EXERCISE DIRECTIONS: Omitting all pictures, print the lines of the listing from the one containing "- World Bank" through the final line, both ends included, with no other text.

DATASET CONTENT:

- - -

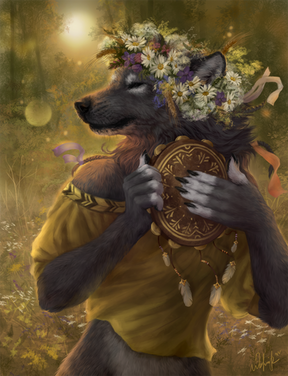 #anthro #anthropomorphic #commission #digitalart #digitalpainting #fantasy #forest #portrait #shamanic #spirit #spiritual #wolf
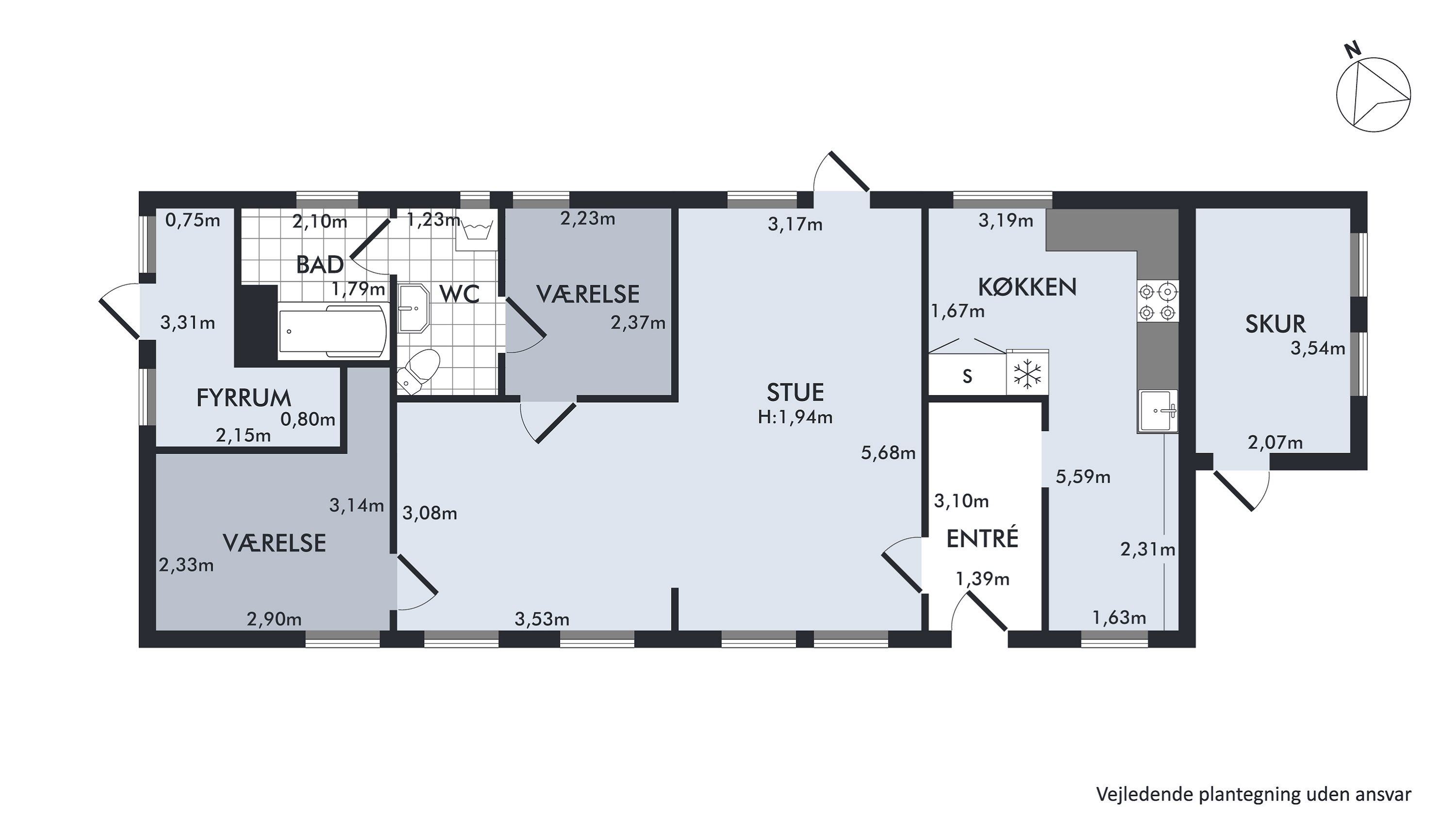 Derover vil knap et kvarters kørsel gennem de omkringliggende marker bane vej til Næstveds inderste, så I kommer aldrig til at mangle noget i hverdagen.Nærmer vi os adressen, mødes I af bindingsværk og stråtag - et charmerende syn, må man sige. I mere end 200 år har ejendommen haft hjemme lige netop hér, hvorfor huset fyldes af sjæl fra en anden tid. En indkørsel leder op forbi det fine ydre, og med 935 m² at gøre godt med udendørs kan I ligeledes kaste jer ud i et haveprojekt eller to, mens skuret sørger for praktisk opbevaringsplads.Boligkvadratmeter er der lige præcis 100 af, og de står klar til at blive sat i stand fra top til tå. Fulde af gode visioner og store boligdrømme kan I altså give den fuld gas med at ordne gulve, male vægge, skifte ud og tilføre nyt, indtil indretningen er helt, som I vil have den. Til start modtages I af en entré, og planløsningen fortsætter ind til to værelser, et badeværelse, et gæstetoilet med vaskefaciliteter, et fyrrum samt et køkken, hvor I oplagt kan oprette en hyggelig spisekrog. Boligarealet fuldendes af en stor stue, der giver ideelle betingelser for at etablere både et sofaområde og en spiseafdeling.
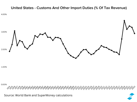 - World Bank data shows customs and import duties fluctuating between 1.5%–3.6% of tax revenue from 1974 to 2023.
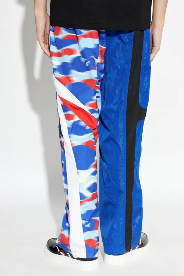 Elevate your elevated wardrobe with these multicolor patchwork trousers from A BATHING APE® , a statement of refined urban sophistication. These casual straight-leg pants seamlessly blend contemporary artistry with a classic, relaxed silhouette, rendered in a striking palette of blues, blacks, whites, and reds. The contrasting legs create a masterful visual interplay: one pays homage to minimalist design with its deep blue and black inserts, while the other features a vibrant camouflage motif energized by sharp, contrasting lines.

- - -

ANSWER AREA:
 - World Bank data shows customs and import duties fluctuating between 1.5%–3.6% of tax revenue from 1974 to 2023.
 Elevate your elevated wardrobe with these multicolor patchwork trousers from A BATHING APE® , a statement of refined urban sophistication. These casual straight-leg pants seamlessly blend contemporary artistry with a classic, relaxed silhouette, rendered in a striking palette of blues, blacks, whites, and reds. The contrasting legs create a masterful visual interplay: one pays homage to minimalist design with its deep blue and black inserts, while the other features a vibrant camouflage motif energized by sharp, contrasting lines.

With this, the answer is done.